**EXERCISE INSTRUCTIONS**
As the answer, set down the lines below from the one containing "新版考纲中的主题数量维持不变" through the one containing "3PK BERNAT SOFTEE", exactly and inclusively, and no others.

(STORED DATA Opens)

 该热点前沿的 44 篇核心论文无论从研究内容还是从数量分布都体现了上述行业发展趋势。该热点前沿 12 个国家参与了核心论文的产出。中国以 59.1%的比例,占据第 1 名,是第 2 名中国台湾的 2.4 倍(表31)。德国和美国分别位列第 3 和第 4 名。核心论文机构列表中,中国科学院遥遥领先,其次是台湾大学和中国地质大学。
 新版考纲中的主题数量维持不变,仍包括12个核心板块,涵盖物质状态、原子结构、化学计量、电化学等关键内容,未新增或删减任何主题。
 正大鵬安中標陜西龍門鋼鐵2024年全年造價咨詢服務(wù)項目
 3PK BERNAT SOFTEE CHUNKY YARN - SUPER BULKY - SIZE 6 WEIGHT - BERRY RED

(STORED DATA Closes)
(STORED DATA Opens)

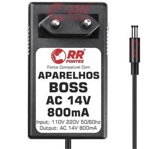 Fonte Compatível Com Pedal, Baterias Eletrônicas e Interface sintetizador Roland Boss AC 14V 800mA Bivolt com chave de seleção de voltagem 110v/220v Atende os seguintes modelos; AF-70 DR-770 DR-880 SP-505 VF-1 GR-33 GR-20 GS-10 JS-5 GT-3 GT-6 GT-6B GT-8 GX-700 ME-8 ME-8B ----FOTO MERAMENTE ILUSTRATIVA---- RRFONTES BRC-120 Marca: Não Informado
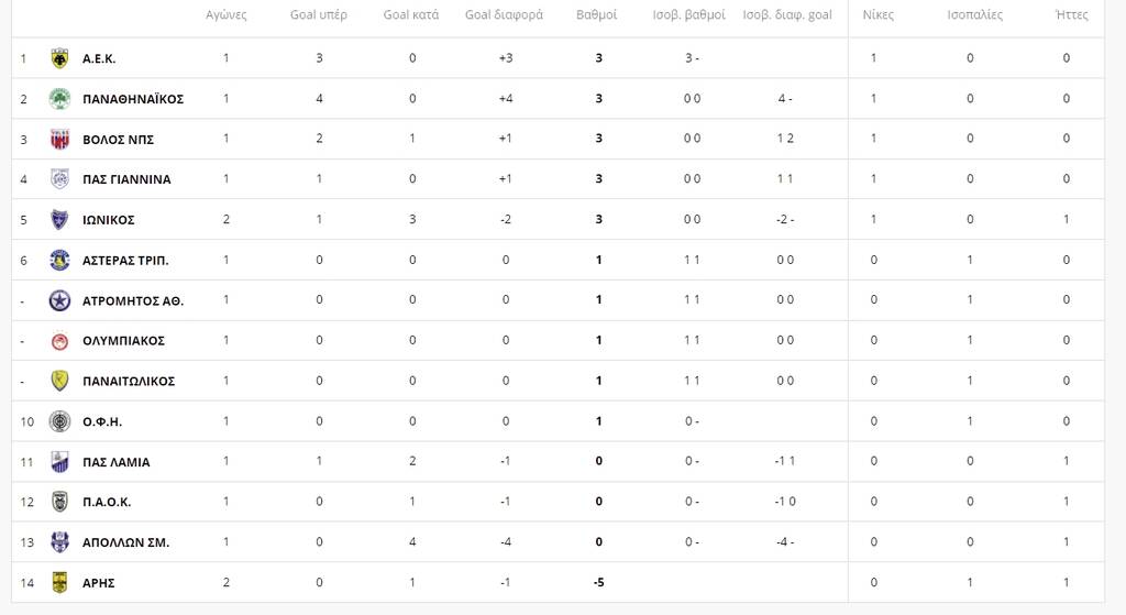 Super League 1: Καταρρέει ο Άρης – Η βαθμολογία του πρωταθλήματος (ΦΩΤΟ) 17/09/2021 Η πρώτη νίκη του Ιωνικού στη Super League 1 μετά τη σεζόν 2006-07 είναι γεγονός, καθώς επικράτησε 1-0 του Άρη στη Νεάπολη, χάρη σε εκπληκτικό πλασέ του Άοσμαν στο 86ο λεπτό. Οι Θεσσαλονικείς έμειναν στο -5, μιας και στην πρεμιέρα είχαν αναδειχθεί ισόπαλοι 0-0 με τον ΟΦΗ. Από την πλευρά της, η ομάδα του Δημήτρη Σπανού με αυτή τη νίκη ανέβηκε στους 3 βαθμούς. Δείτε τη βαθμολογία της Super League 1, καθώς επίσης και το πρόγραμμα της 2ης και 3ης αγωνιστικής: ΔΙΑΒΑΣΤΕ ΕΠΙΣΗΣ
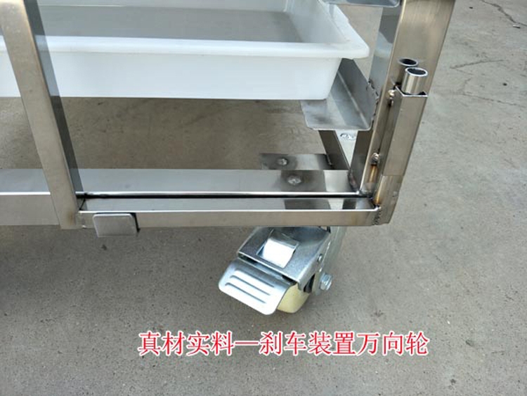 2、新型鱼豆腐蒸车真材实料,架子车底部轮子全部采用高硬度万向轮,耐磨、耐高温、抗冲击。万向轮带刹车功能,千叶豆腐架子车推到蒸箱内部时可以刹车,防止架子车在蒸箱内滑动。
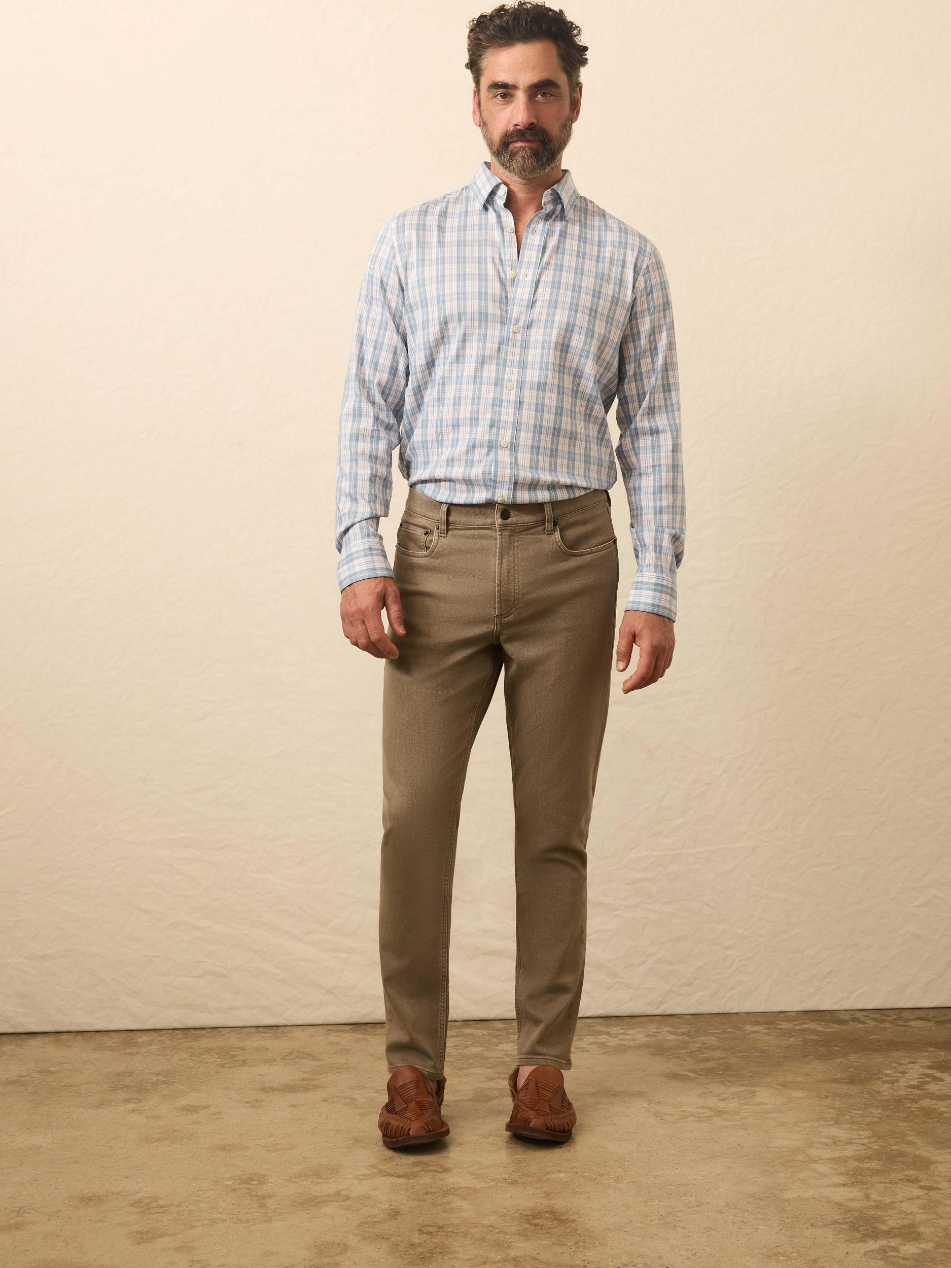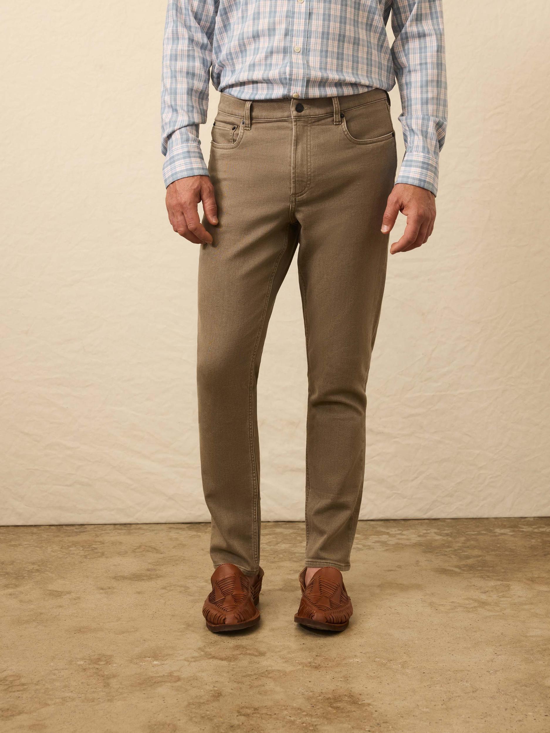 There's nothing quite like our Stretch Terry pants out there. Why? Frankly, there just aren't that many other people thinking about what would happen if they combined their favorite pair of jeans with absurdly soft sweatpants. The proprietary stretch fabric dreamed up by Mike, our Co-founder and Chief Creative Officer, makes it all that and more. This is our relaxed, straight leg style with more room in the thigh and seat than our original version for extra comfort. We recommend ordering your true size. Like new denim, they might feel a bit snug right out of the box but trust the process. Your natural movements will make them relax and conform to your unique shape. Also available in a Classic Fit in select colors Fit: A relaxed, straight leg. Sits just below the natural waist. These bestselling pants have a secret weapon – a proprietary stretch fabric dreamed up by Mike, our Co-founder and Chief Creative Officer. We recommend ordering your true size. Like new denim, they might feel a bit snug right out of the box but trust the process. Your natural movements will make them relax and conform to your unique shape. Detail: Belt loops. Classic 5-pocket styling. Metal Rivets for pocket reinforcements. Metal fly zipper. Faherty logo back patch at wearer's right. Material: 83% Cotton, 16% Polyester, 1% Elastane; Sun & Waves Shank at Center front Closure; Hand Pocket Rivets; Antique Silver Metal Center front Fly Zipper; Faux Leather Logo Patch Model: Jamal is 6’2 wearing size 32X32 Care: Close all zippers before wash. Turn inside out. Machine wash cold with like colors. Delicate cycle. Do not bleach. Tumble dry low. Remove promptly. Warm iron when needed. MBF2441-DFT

(STORED DATA Closes)
(STORED DATA Opens)

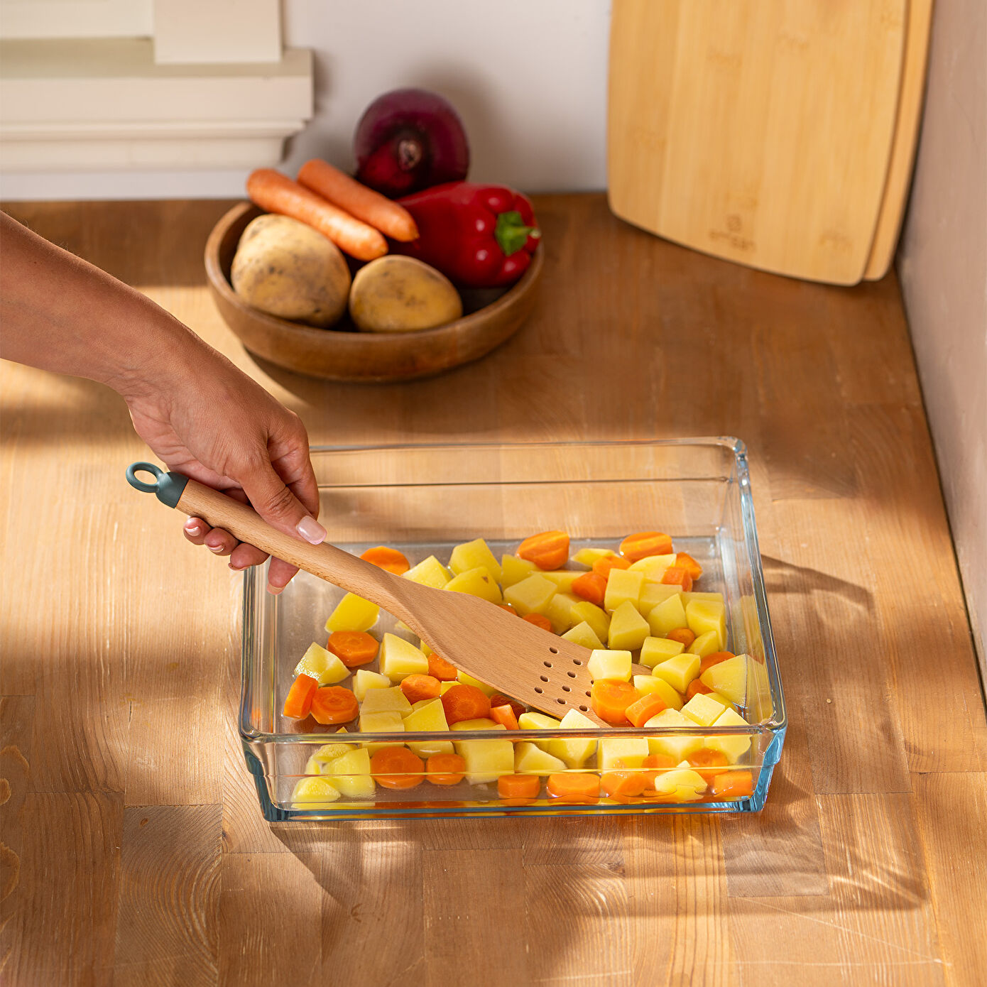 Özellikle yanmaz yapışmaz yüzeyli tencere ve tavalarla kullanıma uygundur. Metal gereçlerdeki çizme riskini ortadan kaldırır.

(STORED DATA Closes)

**TASK SOLUTION**
 新版考纲中的主题数量维持不变,仍包括12个核心板块,涵盖物质状态、原子结构、化学计量、电化学等关键内容,未新增或删减任何主题。
 正大鵬安中標陜西龍門鋼鐵2024年全年造價咨詢服務(wù)項目
 3PK BERNAT SOFTEE CHUNKY YARN - SUPER BULKY - SIZE 6 WEIGHT - BERRY RED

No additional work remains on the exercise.